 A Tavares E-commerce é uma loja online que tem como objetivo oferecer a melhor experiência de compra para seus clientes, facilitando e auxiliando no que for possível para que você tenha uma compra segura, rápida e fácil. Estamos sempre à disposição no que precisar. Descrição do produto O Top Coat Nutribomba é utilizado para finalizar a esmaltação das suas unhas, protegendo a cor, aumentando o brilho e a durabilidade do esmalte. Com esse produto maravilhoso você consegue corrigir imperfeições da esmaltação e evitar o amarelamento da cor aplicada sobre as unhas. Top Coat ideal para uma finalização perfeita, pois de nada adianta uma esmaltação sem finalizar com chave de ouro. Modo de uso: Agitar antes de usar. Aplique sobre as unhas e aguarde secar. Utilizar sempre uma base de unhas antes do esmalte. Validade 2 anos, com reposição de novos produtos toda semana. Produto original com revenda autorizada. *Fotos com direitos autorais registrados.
--
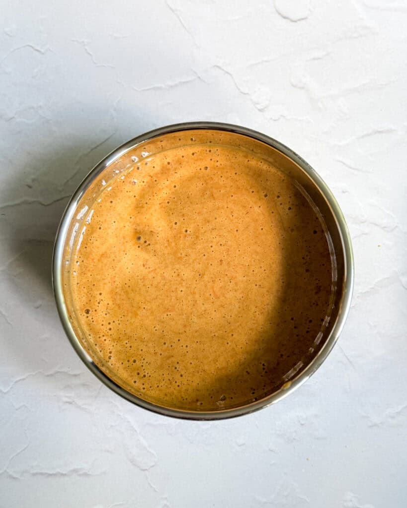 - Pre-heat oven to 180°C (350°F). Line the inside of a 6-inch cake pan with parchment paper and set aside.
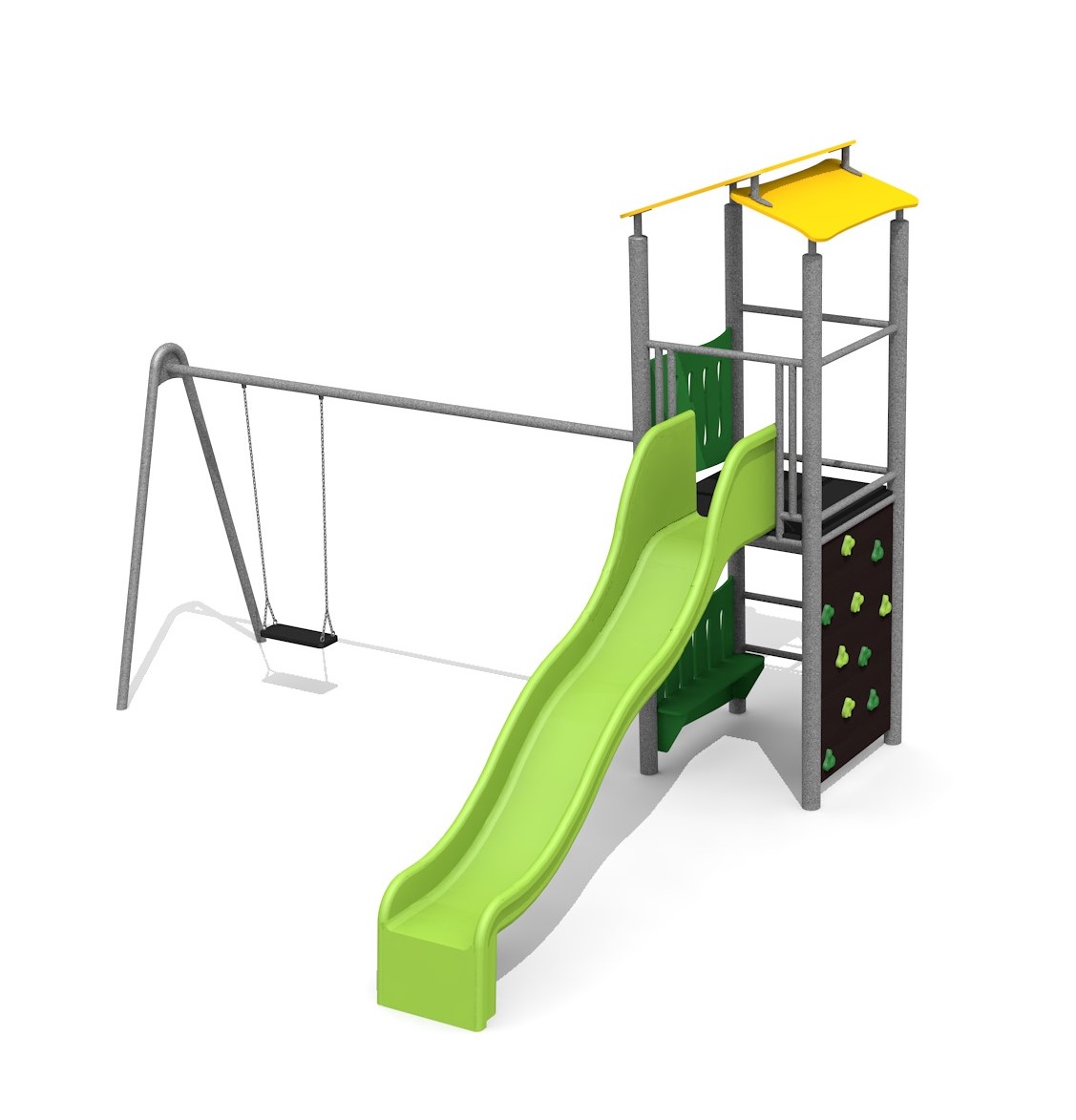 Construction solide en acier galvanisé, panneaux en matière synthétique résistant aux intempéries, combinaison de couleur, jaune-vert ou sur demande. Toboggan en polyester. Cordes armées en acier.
---
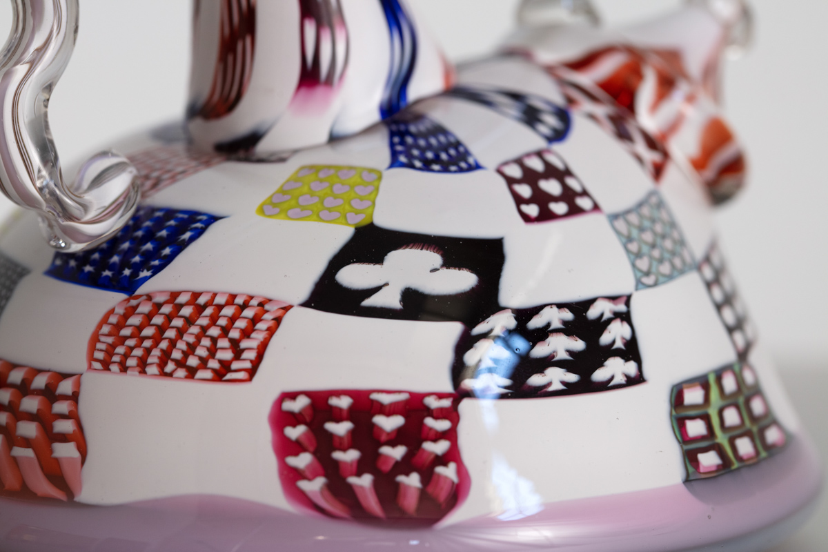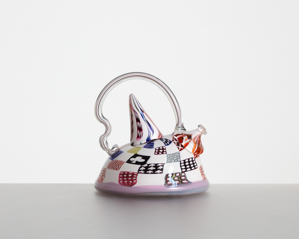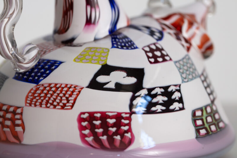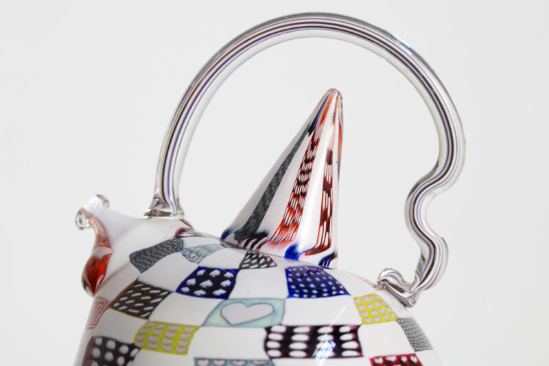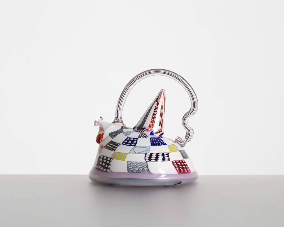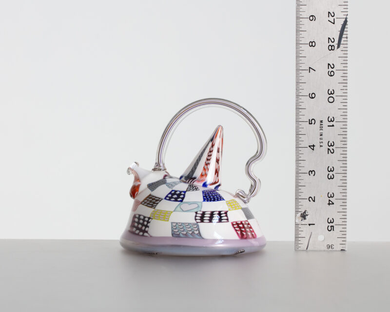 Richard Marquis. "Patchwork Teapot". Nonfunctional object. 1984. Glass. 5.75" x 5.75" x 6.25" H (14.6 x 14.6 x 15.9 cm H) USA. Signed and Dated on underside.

> Task statement: With the pictures removed from your copy, retype the lines above from the one that contains "- Pre-heat oven" through the one that contains "Construction solide en", exactly.

> Worked solution:
 - Pre-heat oven to 180°C (350°F). Line the inside of a 6-inch cake pan with parchment paper and set aside.
 Construction solide en acier galvanisé, panneaux en matière synthétique résistant aux intempéries, combinaison de couleur, jaune-vert ou sur demande. Toboggan en polyester. Cordes armées en acier.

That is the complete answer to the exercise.